**Task to carry out**: An exact restatement of all the data is required, with the pictures left out.

**Information shown**:

- - - -

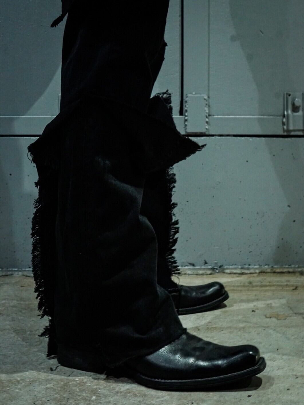 組み合わされたデニム素材はあえて糸処理をせず、粗野な表情を残したこともポイント。履く回数を重ねるに連れて、自分ならではの経年変化をお楽しみ頂けます。
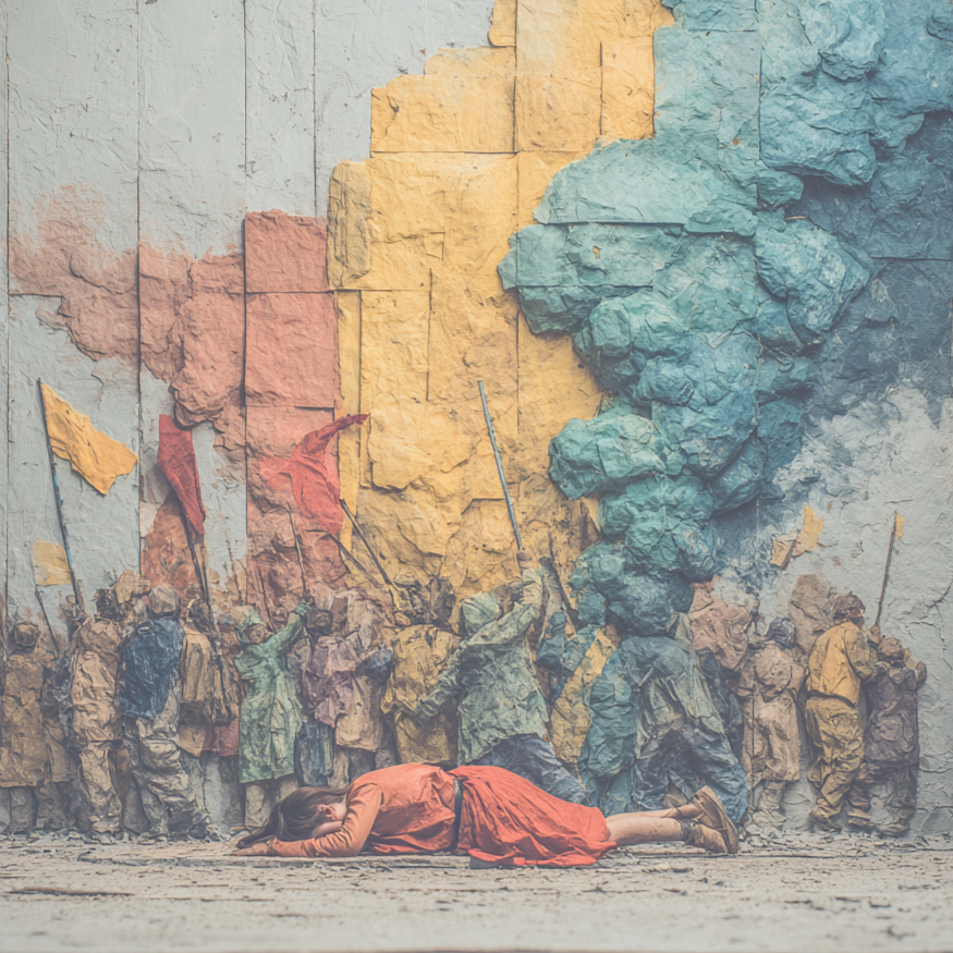 leading guitar, backing big-band horns, blend genres, marching drum, rhythmic math-rock, melodic progressive-rock, dramatic post-rock
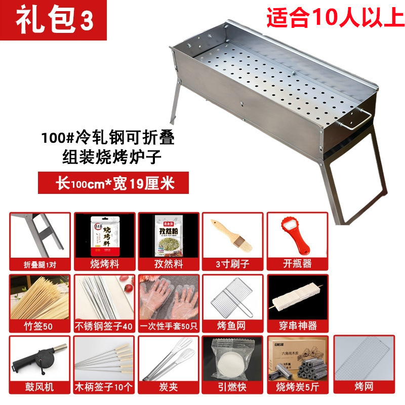 • 100#패키지 3 [클래식 냉간 압연 강철 조립 접이식 바베큐 그릴] 무료 16종 세트

- - - -

**Task output**:
 組み合わされたデニム素材はあえて糸処理をせず、粗野な表情を残したこともポイント。履く回数を重ねるに連れて、自分ならではの経年変化をお楽しみ頂けます。
 leading guitar, backing big-band horns, blend genres, marching drum, rhythmic math-rock, melodic progressive-rock, dramatic post-rock
 • 100#패키지 3 [클래식 냉간 압연 강철 조립 접이식 바베큐 그릴] 무료 16종 세트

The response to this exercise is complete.